(Data block begins)

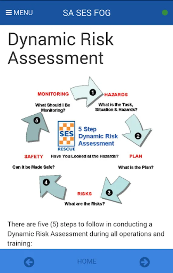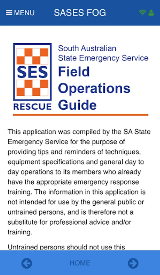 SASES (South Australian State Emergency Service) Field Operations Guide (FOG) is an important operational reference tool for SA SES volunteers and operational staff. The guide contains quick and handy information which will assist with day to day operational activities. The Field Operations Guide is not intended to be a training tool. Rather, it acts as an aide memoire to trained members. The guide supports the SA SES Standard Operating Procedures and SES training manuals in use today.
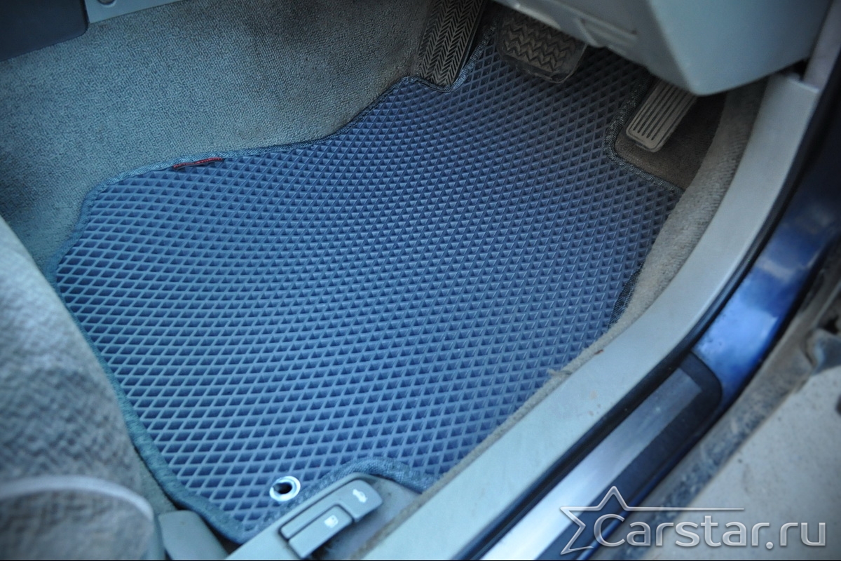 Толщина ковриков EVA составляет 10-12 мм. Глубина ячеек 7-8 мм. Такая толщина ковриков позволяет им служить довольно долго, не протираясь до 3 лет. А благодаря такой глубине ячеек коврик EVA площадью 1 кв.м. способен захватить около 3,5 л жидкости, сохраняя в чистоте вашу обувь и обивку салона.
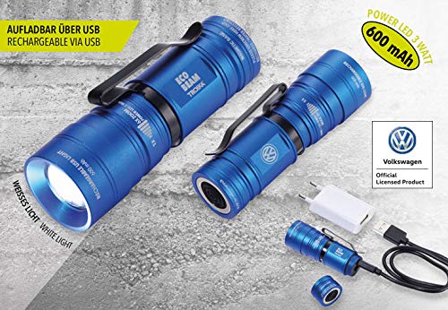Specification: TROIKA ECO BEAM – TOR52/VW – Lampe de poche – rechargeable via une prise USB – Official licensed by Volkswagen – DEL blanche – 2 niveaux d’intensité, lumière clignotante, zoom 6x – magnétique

(Data block ends)

▶ **What to do**
Return the data exactly. Pictures stay out.

▶ **Reply**
 SASES (South Australian State Emergency Service) Field Operations Guide (FOG) is an important operational reference tool for SA SES volunteers and operational staff. The guide contains quick and handy information which will assist with day to day operational activities. The Field Operations Guide is not intended to be a training tool. Rather, it acts as an aide memoire to trained members. The guide supports the SA SES Standard Operating Procedures and SES training manuals in use today.
 Толщина ковриков EVA составляет 10-12 мм. Глубина ячеек 7-8 мм. Такая толщина ковриков позволяет им служить довольно долго, не протираясь до 3 лет. А благодаря такой глубине ячеек коврик EVA площадью 1 кв.м. способен захватить около 3,5 л жидкости, сохраняя в чистоте вашу обувь и обивку салона.
Specification: TROIKA ECO BEAM – TOR52/VW – Lampe de poche – rechargeable via une prise USB – Official licensed by Volkswagen – DEL blanche – 2 niveaux d’intensité, lumière clignotante, zoom 6x – magnétique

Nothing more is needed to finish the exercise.